El “no era mi turno” más literal de la historia
Imagina que te levantas pensando que hoy sí vas a descansar, que te vas a olvidar por un rato de los problemas del trabajo, pero de repente te avisan que tienes que cubrir el turno porque tu compañera se acordó, casualmente, que su nieto tiene partido. ¡Vaya casualidad! Esto ya es típico en cualquier oficina latinoamericana: el clásico “me surgió algo” de último minuto. Nuestro protagonista, resignado, se puso el uniforme y fue directo al hotel.
Todo parecía normal, hasta que escuchó un grito de “Ayúdame” y, al voltear, se encontró con un hombre que no reconocía, en puro bóxer, dando un par de pasos antes de desplomarse. Sin pensarlo, corrió a auxiliarlo y vio que el tipo estaba inconsciente y con convulsiones. De inmediato, a lo que llamamos aquí “marcarle a la ambulancia” (o sea, el 911), mientras la adrenalina se le subía como si fuera final de la Copa Libertadores.
Si no es telenovela, no es hotel: armas, exnovia y un dildo rosa
Mientras esperaba a los paramédicos, la jefa de limpieza le avisa que afuera hay una van medio escondida, en una esquina, justo donde a veces se instalan personas en situación de calle. ¿Y qué había regado por el pasto? Cosas de lo más variopintas: fotos familiares con la gente recortada (como para novela de Televisa), vidrios rotos y, atención, un dildo rosa gigante. Si esto no es surrealismo latinoamericano, no sé qué lo es.
En cuestión de minutos, llegaron los policías y la ambulancia. Nuestro recepcionista, con el corazón todavía latiendo rapidísimo, solo pudo mirar cómo los oficiales revisaban la van. Y ahí no acaba: encontraron ¡un rifle! Y luego otro, y dos ballestas. Como dijo un comentarista en Reddit, “Un tipo que acaba de tener una crisis mental, con dos rifles y dos ballestas… nada inquietante, ¿verdad?”. Otro usuario lo resumió con humor: “Pero eso es muy gringo”. Y sí, hay cosas que ni en las mejores telenovelas mexicanas te imaginas.
Al final, los paramédicos se llevaron al hombre en ambulancia y, tras algunas preguntas, un policía le explicó al recepcionista que el tipo había sufrido un derrame cerebral, estaba recién divorciado y había pasado por una crisis mental.

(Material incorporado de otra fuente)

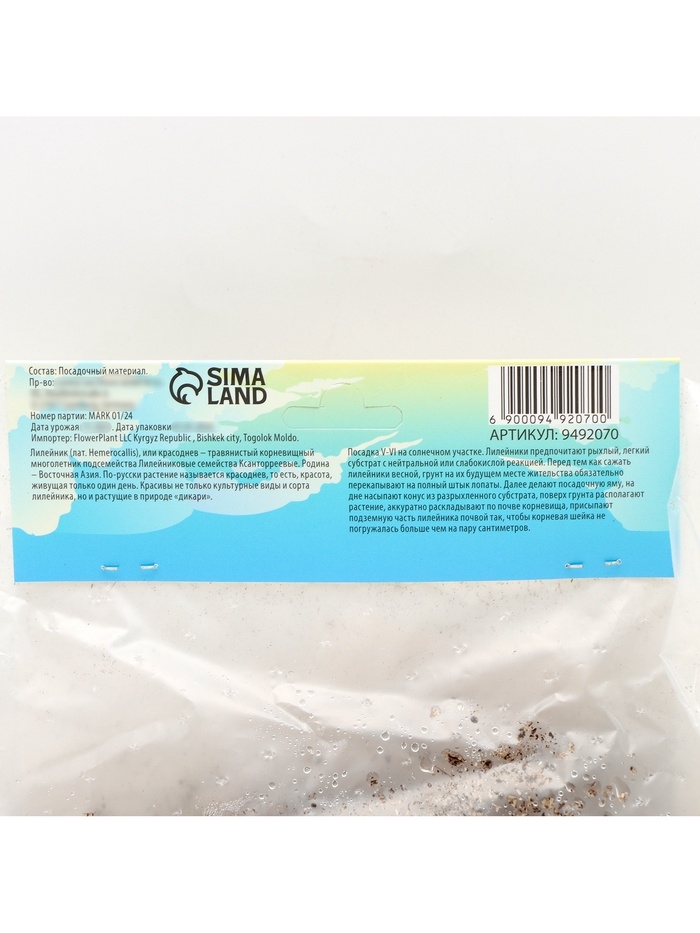 Лилейник Roswitha, многолетник, корневище в пакете с торфогрунтом, р-р I, 1 шт.

Y claro, la exnovia (o novia actual, quién sabe) venía de camino para recoger cosas de la van, pero no podía llevársela porque las llaves… ¡brillaban por su ausencia! Así, nuestro protagonista se quedó esperando y suspirando, añorando esos días en los que lo más complicado era un huésped que pedía toallas extra.

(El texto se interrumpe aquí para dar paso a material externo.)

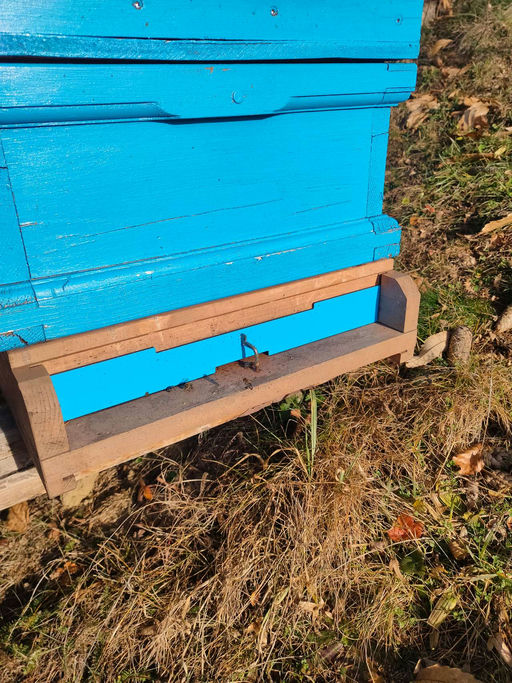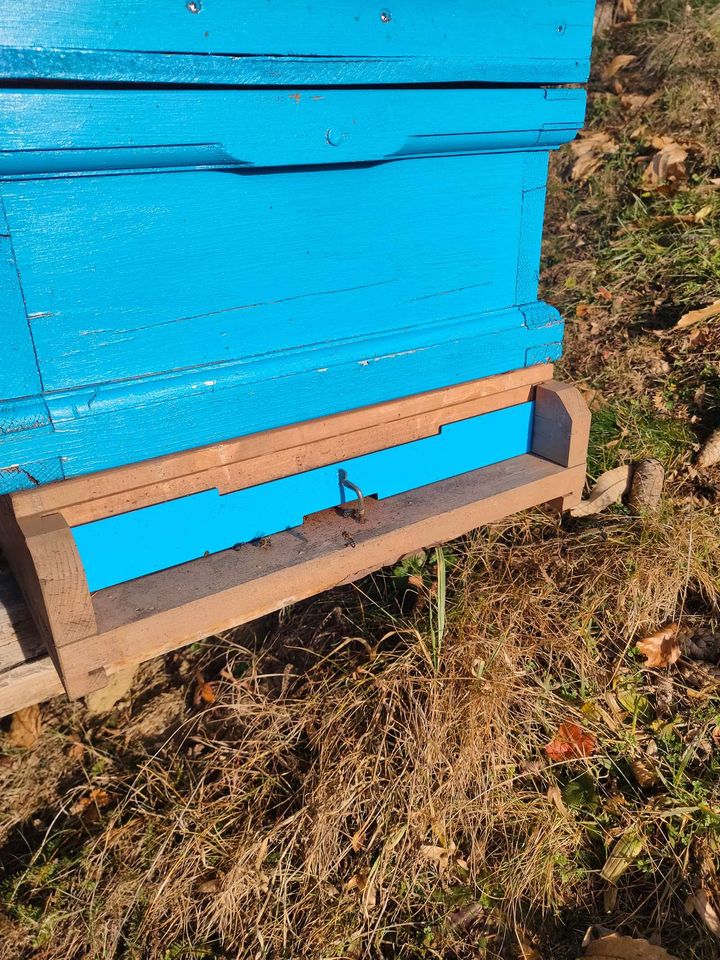 Endlich ist es Herbst geworden! Bei diesen milden Temperaturen sind unsere Bienen noch fleißig und sammeln den letzten Nektar und Pollen dieses Jahres. Trotzdem haben wir das Flugloch schon eingeengt....

Humor, empatía y la solidaridad de la comunidad
Lo más curioso de esta historia es cómo la comunidad de Reddit reaccionó. Uno de los comentarios más populares decía: “¡Ya tuviste suficiente por hoy! Suerte con el subidón de adrenalina y el reporte del incidente”. Otro, con ese humor tan nuestro, sugería que para bajar la adrenalina lo mejor era jugar Tetris, y hasta citó estudios. ¡Aquí en Latinoamérica diríamos que un cafecito, un pan dulce y una buena charla ayudan más!
Varios usuarios también reflexionaron sobre lo complicado que es lidiar con emergencias en el trabajo. Uno comentó: “Por esto uno debería cortar todo contacto con el trabajo cuando pide un día libre”. Otros, como buenos chismosos, querían saber si la novia se llevó el dildo rosa o fingió sorpresa al verlo (¡hay prioridades hasta en el caos!).
Y no faltaron los expertos en “cosas de la vida”, que debatieron si la policía debía o no llevarse las armas que había en la van. Algunos decían que era mejor que las recogieran, porque dejar armas en un vehículo abierto es como dejarle el asador a los vecinos en una carne asada: desaparecen en minutos.
Más allá del caos: lo importante de estar ahí (aunque no te toque)
Si algo nos enseña esta historia es que, a veces, el trabajo nos pone en situaciones donde la rutina se rompe y toca actuar rápido. En Latinoamérica, donde siempre decimos “al mal tiempo, buena cara”, la solidaridad y la capacidad de reacción son parte de nuestro ADN. No importa si eres recepcionista, guardia de seguridad o el de recursos humanos: cuando la vida te lanza un episodio digno de Netflix, hay que estar listos.
Y si algo nos une, es ese deseo de que el trabajo sea, la mayor parte del tiempo, aburrido. Porque, como dijo el protagonista, “Prefiero mil veces cuando este trabajo es aburrido”.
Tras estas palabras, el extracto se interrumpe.